--- The task ---
Given the records underneath, please repeat exactly the lines from the line with "5月30日下午,外国语学院在" through the line with "没有,只有叫我回归存送的站内信", passing over any picture.

--- Given information ---
>>>>
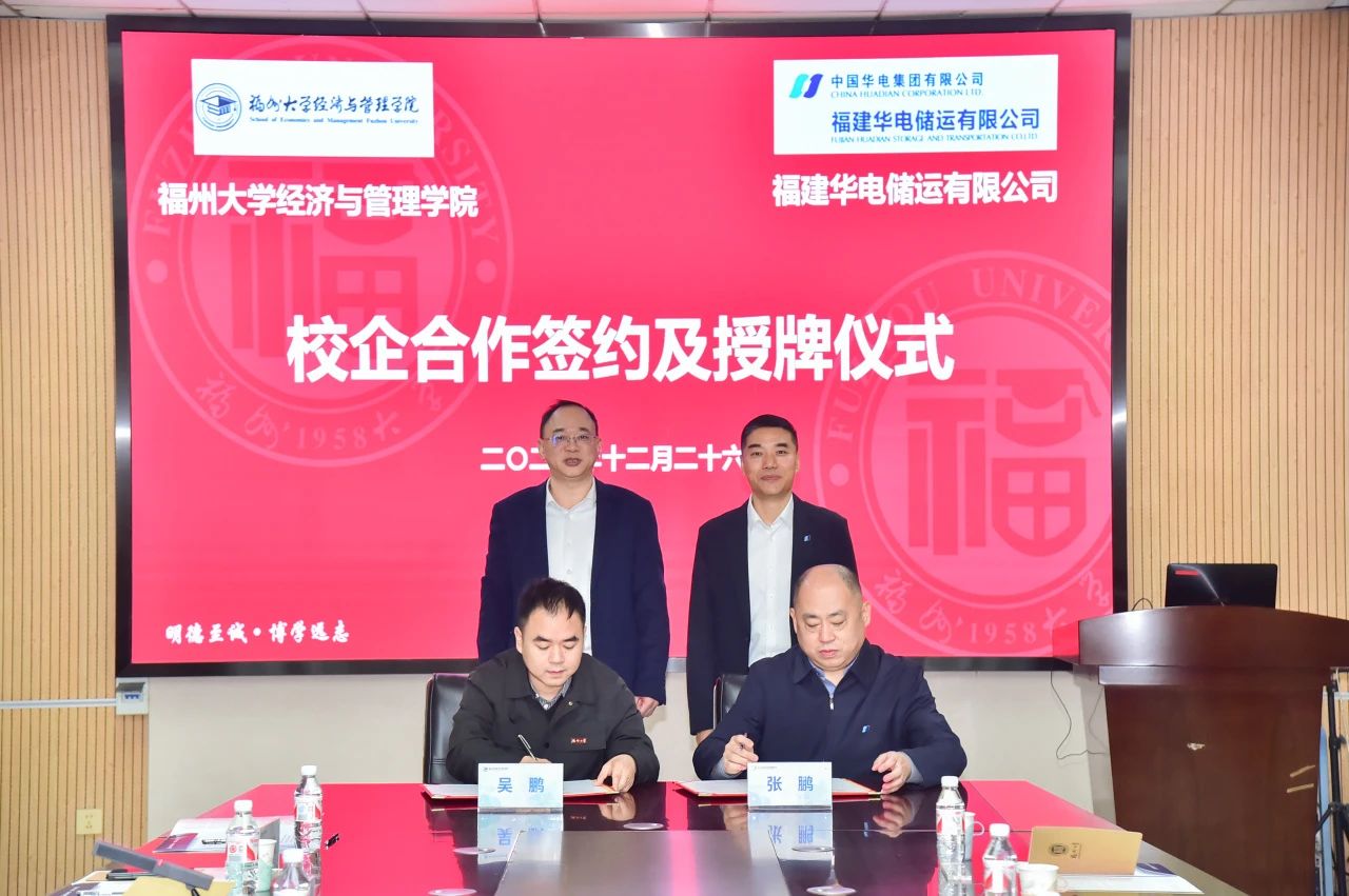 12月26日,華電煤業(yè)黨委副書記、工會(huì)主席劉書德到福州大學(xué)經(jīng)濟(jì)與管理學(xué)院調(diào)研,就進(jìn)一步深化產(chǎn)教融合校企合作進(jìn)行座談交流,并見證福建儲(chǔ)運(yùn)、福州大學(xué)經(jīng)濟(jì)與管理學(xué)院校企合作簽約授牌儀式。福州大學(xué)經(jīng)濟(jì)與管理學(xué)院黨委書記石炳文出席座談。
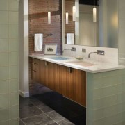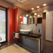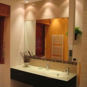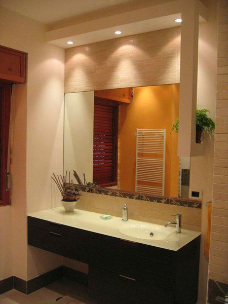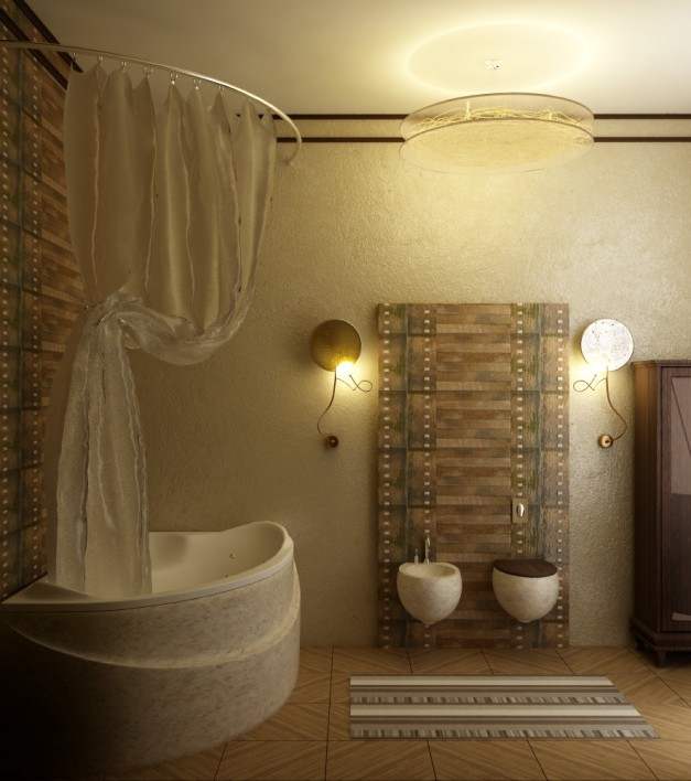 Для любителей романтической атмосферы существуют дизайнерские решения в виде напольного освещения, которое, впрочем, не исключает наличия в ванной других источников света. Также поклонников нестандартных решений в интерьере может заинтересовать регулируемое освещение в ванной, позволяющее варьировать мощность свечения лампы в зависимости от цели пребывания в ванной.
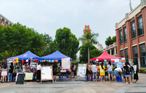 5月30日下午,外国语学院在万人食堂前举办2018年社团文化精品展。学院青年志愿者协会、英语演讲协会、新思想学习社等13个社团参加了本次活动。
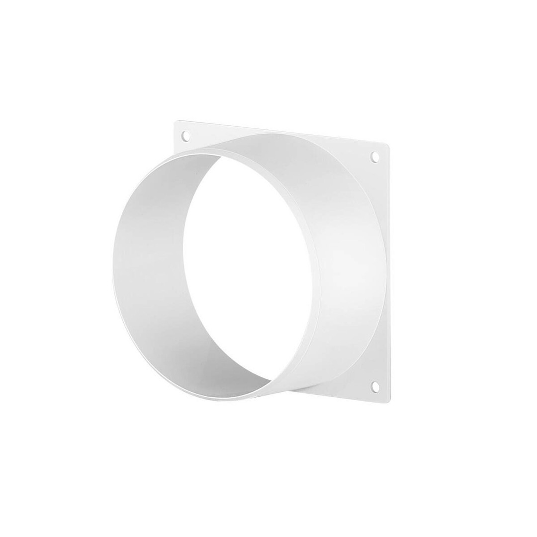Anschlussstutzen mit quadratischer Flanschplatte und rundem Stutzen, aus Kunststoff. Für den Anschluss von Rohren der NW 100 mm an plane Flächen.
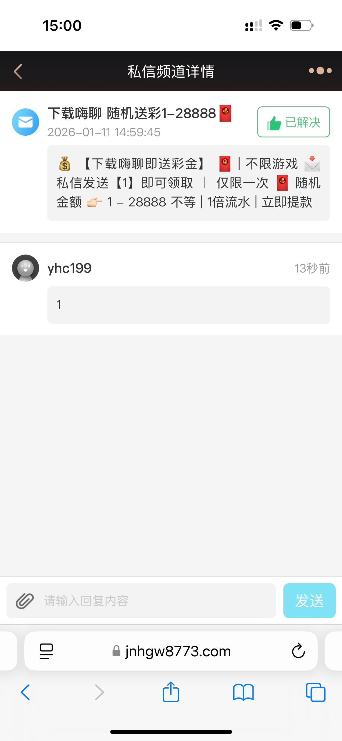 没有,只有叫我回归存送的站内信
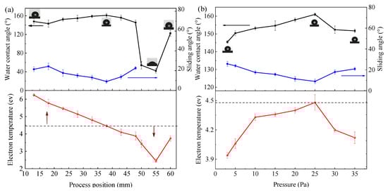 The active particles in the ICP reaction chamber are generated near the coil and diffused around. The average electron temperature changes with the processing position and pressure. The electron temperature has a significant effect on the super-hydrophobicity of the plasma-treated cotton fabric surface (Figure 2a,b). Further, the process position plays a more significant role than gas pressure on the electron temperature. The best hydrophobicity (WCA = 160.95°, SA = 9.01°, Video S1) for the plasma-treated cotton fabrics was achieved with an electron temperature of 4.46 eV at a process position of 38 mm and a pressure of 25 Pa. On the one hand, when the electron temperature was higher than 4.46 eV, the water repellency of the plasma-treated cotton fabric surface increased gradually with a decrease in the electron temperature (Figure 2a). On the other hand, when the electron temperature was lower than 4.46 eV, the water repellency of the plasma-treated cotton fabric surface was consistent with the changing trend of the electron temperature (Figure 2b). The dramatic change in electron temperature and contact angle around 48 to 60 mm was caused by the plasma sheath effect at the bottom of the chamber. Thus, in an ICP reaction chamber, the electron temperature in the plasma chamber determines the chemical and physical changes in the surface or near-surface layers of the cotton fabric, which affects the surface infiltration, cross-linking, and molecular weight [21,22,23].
<<<<
>>>>
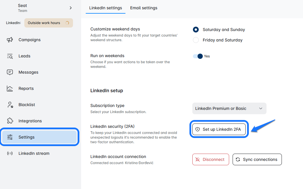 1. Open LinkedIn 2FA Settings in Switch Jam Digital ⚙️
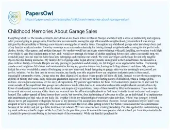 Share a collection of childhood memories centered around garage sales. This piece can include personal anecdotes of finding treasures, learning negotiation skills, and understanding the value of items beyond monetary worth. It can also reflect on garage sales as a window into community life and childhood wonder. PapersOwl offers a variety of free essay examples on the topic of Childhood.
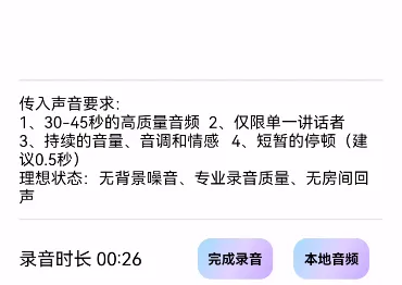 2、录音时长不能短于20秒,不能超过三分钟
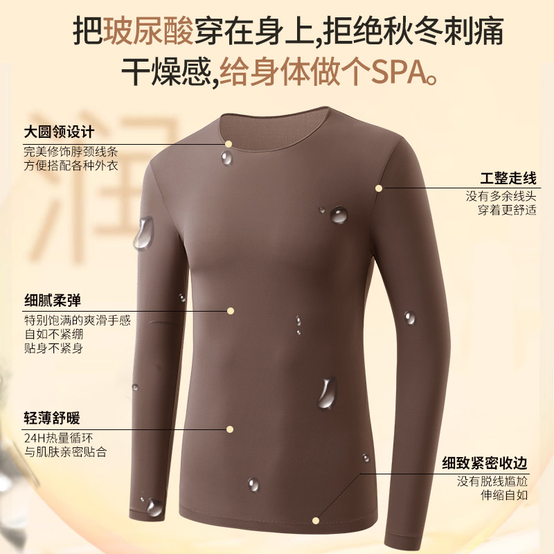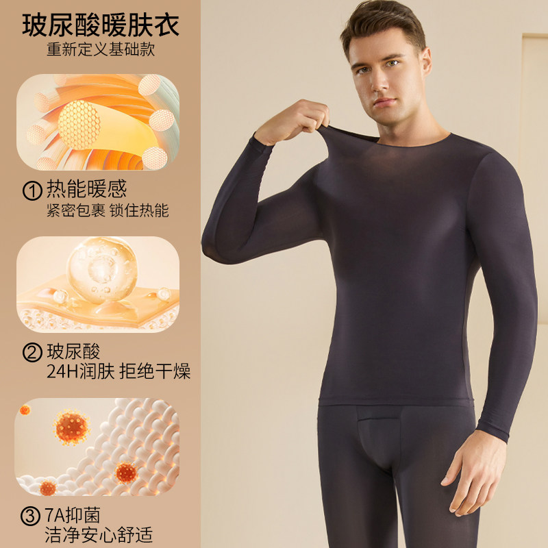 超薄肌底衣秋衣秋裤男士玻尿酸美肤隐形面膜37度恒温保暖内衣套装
<<<<
--- Output below ---
 5月30日下午,外国语学院在万人食堂前举办2018年社团文化精品展。学院青年志愿者协会、英语演讲协会、新思想学习社等13个社团参加了本次活动。
Anschlussstutzen mit quadratischer Flanschplatte und rundem Stutzen, aus Kunststoff. Für den Anschluss von Rohren der NW 100 mm an plane Flächen.
 没有,只有叫我回归存送的站内信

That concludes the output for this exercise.